▶ _RECORDS PROVIDED_
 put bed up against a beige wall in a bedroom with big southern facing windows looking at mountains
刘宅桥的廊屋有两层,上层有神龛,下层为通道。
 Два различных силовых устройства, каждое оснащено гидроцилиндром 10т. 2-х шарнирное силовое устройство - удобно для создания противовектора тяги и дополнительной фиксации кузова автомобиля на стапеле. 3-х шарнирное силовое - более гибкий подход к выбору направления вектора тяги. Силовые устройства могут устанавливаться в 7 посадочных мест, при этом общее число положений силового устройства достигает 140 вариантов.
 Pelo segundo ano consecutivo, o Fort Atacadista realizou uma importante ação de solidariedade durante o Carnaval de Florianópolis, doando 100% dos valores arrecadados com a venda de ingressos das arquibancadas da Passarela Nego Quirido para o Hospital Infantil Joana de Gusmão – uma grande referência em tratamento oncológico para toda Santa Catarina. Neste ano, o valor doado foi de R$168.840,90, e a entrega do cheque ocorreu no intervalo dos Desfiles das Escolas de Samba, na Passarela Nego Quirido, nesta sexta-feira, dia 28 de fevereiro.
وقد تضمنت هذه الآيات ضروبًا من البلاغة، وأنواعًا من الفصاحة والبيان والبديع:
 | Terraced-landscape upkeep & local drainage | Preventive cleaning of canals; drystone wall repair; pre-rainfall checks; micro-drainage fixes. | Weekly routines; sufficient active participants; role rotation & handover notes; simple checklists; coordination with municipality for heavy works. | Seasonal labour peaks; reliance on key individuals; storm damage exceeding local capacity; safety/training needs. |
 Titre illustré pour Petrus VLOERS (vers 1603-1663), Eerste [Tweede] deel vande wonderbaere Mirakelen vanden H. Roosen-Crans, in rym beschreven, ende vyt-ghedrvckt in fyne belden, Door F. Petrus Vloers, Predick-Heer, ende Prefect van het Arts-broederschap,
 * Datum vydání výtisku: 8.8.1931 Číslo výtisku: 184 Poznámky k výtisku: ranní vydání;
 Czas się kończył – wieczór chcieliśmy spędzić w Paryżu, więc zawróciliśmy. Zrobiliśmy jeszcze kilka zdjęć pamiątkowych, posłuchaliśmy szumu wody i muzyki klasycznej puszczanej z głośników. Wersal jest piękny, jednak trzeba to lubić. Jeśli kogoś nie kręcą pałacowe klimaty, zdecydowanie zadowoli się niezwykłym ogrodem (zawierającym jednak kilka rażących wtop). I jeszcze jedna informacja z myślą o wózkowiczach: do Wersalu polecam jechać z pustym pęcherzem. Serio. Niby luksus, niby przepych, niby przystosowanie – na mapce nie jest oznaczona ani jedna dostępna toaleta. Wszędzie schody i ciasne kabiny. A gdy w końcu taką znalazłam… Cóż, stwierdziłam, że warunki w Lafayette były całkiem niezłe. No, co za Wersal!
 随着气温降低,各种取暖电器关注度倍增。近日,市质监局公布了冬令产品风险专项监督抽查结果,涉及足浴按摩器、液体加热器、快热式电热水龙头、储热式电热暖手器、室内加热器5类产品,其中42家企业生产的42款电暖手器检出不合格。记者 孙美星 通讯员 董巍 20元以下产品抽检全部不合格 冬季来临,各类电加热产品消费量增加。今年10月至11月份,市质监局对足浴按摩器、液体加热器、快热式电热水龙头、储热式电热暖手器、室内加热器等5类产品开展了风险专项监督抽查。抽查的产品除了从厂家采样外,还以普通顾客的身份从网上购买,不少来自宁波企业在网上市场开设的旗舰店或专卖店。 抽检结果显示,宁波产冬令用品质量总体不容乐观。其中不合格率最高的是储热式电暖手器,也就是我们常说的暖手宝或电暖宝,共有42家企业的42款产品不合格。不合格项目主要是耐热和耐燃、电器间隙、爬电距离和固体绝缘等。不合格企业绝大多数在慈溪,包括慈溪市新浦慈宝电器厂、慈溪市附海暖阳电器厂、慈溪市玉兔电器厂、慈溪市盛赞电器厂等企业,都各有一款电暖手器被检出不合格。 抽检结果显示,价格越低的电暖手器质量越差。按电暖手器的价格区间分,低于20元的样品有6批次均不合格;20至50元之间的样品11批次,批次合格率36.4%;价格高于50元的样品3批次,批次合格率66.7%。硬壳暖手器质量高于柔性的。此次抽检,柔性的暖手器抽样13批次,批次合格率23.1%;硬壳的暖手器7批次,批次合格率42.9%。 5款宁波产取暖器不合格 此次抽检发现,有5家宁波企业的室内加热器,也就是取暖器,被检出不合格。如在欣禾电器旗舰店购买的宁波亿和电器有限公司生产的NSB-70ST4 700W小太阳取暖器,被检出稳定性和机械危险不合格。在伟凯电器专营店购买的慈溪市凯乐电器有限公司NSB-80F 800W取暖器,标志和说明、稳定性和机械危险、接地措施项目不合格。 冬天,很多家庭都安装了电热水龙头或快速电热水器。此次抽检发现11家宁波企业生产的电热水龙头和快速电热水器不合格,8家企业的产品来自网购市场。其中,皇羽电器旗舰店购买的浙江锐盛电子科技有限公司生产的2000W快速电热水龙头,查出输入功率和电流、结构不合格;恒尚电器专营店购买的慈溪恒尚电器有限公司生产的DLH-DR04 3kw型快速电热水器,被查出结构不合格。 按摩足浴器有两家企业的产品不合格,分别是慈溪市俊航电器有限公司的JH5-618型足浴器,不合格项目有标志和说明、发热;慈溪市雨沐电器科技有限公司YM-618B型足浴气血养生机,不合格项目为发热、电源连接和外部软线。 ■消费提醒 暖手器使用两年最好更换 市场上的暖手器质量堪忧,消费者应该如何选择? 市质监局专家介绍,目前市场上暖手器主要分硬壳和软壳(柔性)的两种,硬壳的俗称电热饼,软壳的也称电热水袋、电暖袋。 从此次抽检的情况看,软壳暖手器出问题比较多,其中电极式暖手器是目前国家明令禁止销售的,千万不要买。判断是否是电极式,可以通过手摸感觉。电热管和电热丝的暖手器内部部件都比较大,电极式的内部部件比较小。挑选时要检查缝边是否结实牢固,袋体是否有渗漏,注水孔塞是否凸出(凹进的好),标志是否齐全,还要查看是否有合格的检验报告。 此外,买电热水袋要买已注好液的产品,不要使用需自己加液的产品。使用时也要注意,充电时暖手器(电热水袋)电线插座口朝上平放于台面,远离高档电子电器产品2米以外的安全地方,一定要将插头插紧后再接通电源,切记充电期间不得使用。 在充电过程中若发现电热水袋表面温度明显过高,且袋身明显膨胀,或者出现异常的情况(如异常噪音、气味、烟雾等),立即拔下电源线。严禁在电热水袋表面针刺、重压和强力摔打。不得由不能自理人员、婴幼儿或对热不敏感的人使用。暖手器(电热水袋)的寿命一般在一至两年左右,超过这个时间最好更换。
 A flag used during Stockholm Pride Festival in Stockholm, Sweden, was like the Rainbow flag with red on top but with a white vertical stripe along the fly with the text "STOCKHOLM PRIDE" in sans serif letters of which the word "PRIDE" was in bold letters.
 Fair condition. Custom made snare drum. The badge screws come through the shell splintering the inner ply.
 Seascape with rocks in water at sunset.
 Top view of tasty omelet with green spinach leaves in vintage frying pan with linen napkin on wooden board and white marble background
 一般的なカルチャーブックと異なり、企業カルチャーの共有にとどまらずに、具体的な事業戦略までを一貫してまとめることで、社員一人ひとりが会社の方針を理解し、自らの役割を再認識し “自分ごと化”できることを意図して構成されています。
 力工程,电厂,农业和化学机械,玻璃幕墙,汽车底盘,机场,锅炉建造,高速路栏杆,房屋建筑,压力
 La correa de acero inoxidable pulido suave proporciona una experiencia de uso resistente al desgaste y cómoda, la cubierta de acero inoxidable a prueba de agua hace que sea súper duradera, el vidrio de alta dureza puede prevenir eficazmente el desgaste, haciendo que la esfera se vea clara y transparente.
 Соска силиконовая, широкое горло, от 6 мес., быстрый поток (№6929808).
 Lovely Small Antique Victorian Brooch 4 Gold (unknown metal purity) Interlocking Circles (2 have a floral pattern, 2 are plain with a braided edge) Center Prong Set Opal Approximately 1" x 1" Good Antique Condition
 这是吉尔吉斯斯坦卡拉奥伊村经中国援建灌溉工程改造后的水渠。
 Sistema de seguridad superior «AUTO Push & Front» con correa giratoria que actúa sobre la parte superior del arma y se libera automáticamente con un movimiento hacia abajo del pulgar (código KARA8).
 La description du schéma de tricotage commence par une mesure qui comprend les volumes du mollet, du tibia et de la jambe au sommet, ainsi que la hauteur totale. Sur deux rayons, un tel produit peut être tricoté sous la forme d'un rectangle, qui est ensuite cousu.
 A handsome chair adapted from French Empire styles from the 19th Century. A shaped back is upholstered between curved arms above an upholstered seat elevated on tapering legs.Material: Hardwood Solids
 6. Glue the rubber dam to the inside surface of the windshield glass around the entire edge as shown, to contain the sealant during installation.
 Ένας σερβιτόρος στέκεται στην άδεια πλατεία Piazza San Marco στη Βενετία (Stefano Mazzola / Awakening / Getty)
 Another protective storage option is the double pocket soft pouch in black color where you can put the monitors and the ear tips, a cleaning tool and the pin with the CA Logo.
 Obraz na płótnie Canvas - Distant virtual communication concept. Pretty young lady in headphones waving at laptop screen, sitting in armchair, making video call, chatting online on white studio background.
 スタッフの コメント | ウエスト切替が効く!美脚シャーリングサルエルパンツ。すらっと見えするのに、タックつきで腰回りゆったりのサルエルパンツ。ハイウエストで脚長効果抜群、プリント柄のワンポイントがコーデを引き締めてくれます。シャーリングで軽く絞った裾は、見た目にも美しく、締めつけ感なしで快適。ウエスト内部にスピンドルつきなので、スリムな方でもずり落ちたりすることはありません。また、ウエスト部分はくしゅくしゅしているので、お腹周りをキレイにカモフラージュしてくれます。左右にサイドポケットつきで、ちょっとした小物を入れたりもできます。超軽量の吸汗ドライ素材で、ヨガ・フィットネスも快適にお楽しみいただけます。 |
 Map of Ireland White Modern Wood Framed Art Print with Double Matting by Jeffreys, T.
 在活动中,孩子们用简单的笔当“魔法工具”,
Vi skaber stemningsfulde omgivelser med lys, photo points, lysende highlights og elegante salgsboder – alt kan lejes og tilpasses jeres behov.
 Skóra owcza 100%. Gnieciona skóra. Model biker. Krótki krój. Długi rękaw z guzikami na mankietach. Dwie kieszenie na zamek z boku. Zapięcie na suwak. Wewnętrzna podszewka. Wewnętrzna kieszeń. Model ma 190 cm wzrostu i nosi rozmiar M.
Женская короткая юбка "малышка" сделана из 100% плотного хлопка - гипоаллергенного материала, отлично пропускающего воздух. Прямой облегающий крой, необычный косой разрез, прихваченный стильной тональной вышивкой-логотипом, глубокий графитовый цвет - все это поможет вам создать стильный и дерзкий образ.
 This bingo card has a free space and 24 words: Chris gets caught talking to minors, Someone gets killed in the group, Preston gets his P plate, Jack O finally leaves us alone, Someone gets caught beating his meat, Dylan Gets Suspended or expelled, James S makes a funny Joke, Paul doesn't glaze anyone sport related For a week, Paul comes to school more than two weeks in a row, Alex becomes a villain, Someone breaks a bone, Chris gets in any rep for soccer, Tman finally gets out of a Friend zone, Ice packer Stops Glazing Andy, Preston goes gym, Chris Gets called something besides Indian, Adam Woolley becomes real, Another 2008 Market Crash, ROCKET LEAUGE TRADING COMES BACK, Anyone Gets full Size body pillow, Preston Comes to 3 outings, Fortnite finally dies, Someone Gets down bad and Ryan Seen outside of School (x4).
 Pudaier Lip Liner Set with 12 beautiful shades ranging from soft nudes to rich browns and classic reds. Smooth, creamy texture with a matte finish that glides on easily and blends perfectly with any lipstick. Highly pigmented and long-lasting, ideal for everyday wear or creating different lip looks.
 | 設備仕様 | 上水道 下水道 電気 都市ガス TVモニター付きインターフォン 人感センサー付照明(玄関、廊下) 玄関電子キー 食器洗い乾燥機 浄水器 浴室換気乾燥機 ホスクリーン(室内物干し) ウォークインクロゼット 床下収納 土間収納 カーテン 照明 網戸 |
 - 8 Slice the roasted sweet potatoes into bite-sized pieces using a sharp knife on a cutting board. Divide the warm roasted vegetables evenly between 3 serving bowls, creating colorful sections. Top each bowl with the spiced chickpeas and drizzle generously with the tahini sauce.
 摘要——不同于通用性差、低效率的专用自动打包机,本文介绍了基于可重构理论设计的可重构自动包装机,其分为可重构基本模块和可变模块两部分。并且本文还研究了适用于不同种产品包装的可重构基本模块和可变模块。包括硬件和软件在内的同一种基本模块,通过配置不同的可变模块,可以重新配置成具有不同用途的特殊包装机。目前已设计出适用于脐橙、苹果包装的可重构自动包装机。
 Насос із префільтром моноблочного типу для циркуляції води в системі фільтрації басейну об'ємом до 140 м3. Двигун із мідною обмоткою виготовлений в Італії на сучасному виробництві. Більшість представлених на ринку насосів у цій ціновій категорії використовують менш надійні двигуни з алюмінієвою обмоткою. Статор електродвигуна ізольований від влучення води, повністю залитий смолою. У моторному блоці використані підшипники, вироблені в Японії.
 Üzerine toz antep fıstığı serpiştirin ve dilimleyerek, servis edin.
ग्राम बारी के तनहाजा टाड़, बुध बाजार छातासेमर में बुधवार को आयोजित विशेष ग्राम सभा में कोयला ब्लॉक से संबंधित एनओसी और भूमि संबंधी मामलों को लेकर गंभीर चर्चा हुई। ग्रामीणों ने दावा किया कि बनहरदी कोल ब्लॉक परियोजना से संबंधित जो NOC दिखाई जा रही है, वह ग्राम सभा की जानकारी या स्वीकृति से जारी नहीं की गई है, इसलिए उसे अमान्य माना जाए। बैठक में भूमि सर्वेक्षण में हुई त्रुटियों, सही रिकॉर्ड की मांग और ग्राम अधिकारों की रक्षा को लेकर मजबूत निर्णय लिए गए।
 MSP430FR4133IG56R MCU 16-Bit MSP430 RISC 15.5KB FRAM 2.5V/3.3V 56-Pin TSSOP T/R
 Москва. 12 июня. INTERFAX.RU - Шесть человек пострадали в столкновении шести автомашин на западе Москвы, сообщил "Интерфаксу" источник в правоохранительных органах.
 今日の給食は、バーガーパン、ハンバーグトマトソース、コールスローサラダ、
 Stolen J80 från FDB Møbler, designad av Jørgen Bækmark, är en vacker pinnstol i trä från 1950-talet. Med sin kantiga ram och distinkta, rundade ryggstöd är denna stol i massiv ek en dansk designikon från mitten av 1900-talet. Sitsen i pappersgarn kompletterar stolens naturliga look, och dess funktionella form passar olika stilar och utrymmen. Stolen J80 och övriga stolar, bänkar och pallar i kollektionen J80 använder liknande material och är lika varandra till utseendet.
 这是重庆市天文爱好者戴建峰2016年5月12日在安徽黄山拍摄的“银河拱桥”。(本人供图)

▶ _WHAT YOU NEED TO DO_
The lines holding the word "from" are the answer. Find them in the entries and copy them.

▶ _OUTPUT_
 A handsome chair adapted from French Empire styles from the 19th Century. A shaped back is upholstered between curved arms above an upholstered seat elevated on tapering legs.Material: Hardwood Solids
 Pudaier Lip Liner Set with 12 beautiful shades ranging from soft nudes to rich browns and classic reds. Smooth, creamy texture with a matte finish that glides on easily and blends perfectly with any lipstick. Highly pigmented and long-lasting, ideal for everyday wear or creating different lip looks.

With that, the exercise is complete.